The goal must therefore be to verify every code change as quickly as possible, across all configurations and at all test levels (unit, integration, and system tests). To achieve this, the test environment can first be optimized by parallelizing test execution. Automatable tests can then be run in much shorter timeframes by providing a sufficient number of test servers. Manual testing should be reduced as much as possible. It is simply unacceptable to manually perform the same tests in 300 different configurations when automation is possible.

In addition to parallelizing test activities, test execution time can be drastically reduced through intelligent test case selection. First of all, it is obvious that a source code change only affects test environments where the modified file exists.

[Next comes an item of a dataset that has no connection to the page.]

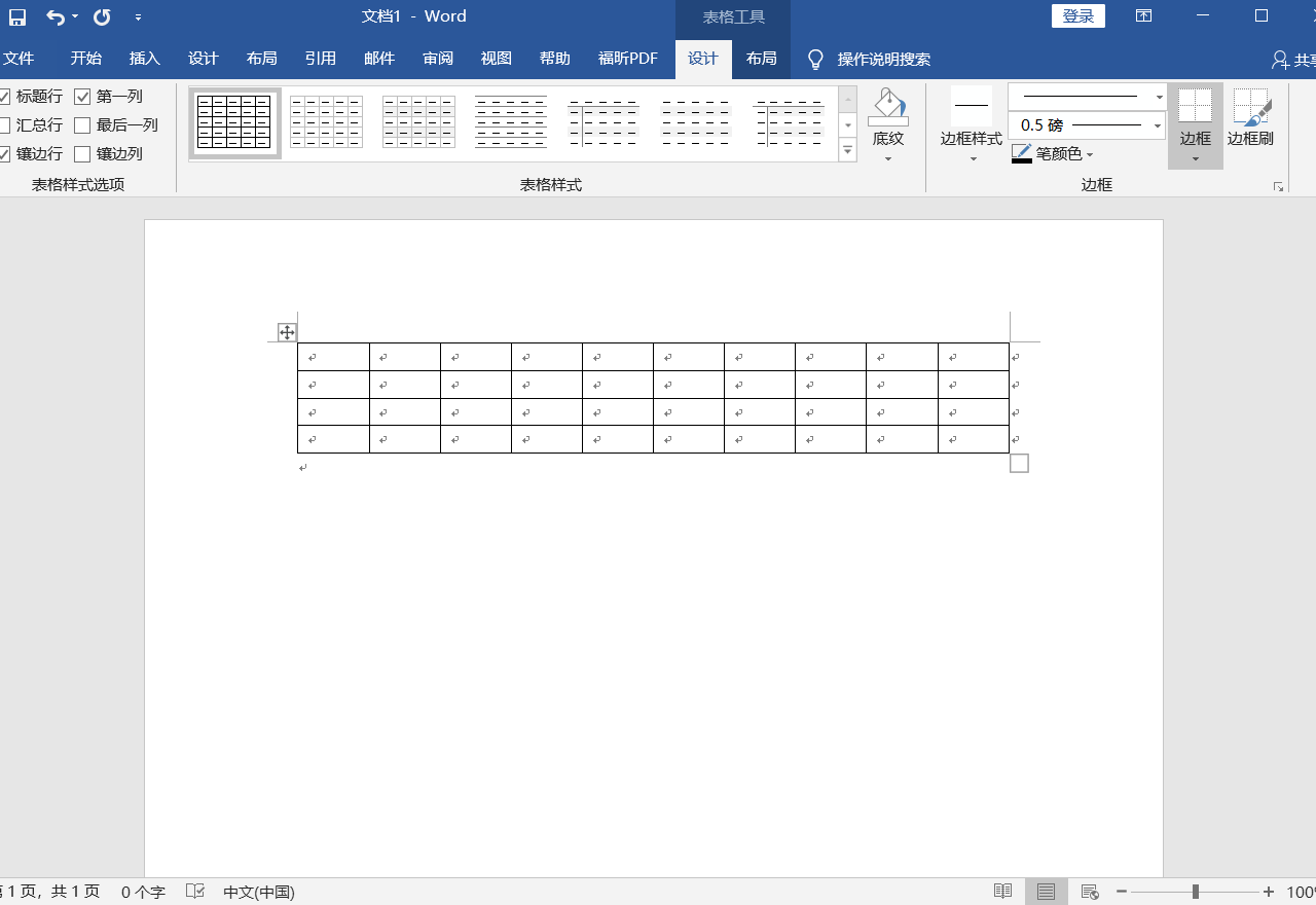 2、选择一个合适的样式在word文档中插入表格

Through intelligent selection (see Fig. 3, PDFThe number of tests to be performed can also be reduced by only re-executing those test cases within the affected test environments that are impacted by the source code change. Particularly in system testing, which typically involves testing all files together and is therefore affected by every code change, significant effort can be saved through intelligent test case selection.

Configuration Management and Continuous Integration

Professional software development today uses centralized configuration management. A base version of the software is maintained centrally, for example, on a build server. Developers can create local copies of this base version, make local changes to the code, and then check these changes back into the base version. Centralized software management offers several advantages (see Fig. 4)., PDF):

Developers make changes in the local copy of the code, not directly in the base code.
Change tracking: Who changed what and when?
Version management of the base software: Give me the software version as of April 1, 2016

Problems can arise when local copies are checked in at excessively long intervals. This often results in code change testing being delayed, as software developers typically lack the capacity to execute all relevant test cases. Furthermore, the delayed merging with the base system increases the likelihood of merge conflicts or even code incompatibility issues. Therefore, optimized software development should…

… enable everyone involved in the development process to perform all (relevant) tests
… Keep merge cycles of local copies with the base as short as possible

The goal must be to keep the core software continuously in a working state. Every code change typically requires an adjustment of the test case data, so this should be modified and checked in along with the code change.

Measure, evaluate, improve

A crucial aspect of process improvement is measuring the current state. Unfortunately, this measurement is all too often equated with monitoring the people involved and is therefore frequently rejected. Metrics are also often dismissed as "a manager's toy with no added value." But in reality, metrics can help improve processes or optimize workflows at all levels. The goal of providing metrics should therefore always be to make the figures transparently accessible to every employee and to clearly demonstrate their value.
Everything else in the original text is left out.